More than 18 months since the end of Libya‘s civil war, the most attractive job for many of the young is still to join a militia. In fact, just under a tenth of Libya‘s labor force may be working as gunmen.
Libya‘s government coffers are rapidly filling with cash as oil exports return to near pre-war levels, powering a 100 percent increase in GDP in 2012, according to a report this month by the International Monetary Fund.

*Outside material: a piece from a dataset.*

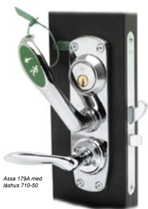
Assa 179A med låshus 710-50

Nödutrymningsbeslag enligt europastandard SS-EN 179 för moduldörr

But the economy of this North African oil giant remains in disarray. Unemployment, officially at 15 percent, is estimated by some as high as 50 percent. The private sector, decimated under ousted dictator Moammar Gadhafi, still barely functions. Reconstruction investment is largely on hold, and the weak central government is funneling much of its oil wealth into public handouts to quiet discontent, as Gadhafi often did. Other money is lost down the drain of corruption.
And still other funds end up fueling the growth of militias.
The state pays many militias, relying on them to serve as security forces since the police and military remain a shambles. The regular salary has drawn a flood of young Libyans.
Militias first rose up as “brigades” during the eight-month civil war against Gadhafi, and at the time their fighters likely numbered in the thousands. Now an estimated 200,000 people are registered by the government on the rolls of militias, according to the commanders in two of the biggest militias, Hafiz al-Agouri, of Libya Shield, and Ismail al-Salabi, of the Rafallah Sahati brigade.
That would mean more than 8 percent of the country’s entire work force are in militias. The most recent World Bank estimate, from 2010, put Libya‘s labor force at 2.3 million people.
A Libyan businessman and an owner of a private construction company that has government contracts for rebuilding infrastructure in the eastern region bemoaned the lure of militia work among his own staff.
“My very skillful welder left because he got a job in a brigade that would not only give him triple the salary but he could work four days and take a week off,” Nasser Ahdash told The Associated Press. He said he is unable to carry out the reconstruction work because the price of his contracts doesn’t cover the rising costs of equipment, material and labor.